Line by line, return the listing exactly, without any of the images.

*** Recorded data Section Begins ***

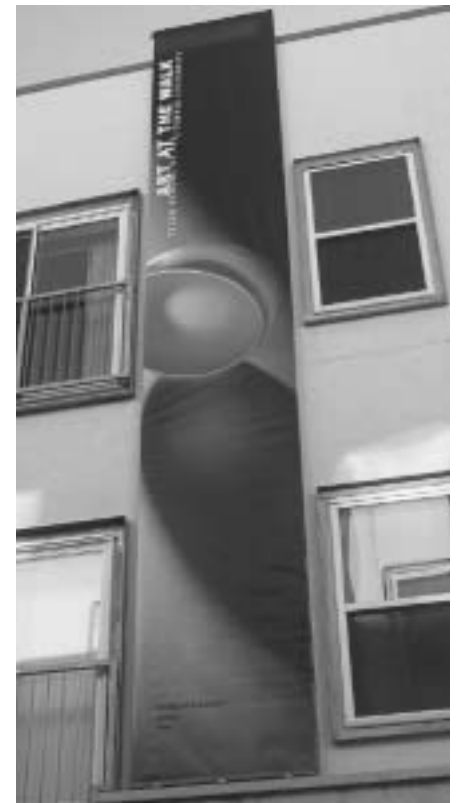
April 2006: The banners are installed

For more information on the shops and eateries at Liberties Walk, visit www.towerdev.com/merchants.html .
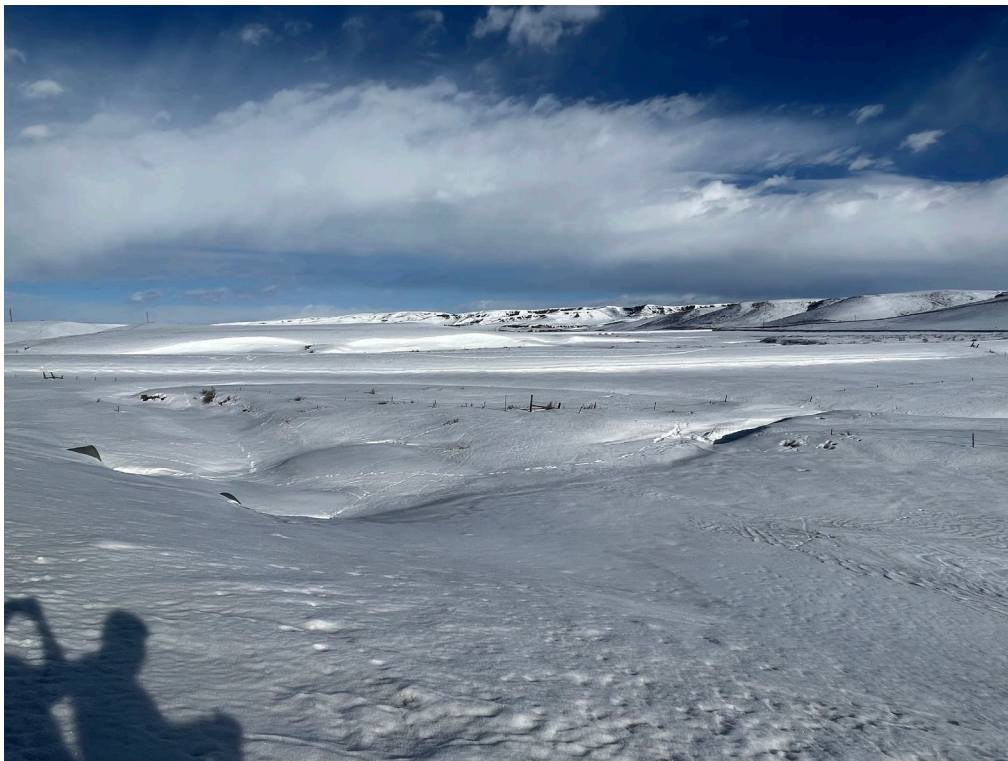
Photo 6: View looking Northwest across Tracks-to-Trails area. Large culverts are located to the west which drain the Rail Loop Pond 002 and Dry Creek which runs through the site.

*** Recorded data Section Ends ***

--- Your response ---
April 2006: The banners are installed

For more information on the shops and eateries at Liberties Walk, visit www.towerdev.com/merchants.html .
Photo 6: View looking Northwest across Tracks-to-Trails area. Large culverts are located to the west which drain the Rail Loop Pond 002 and Dry Creek which runs through the site.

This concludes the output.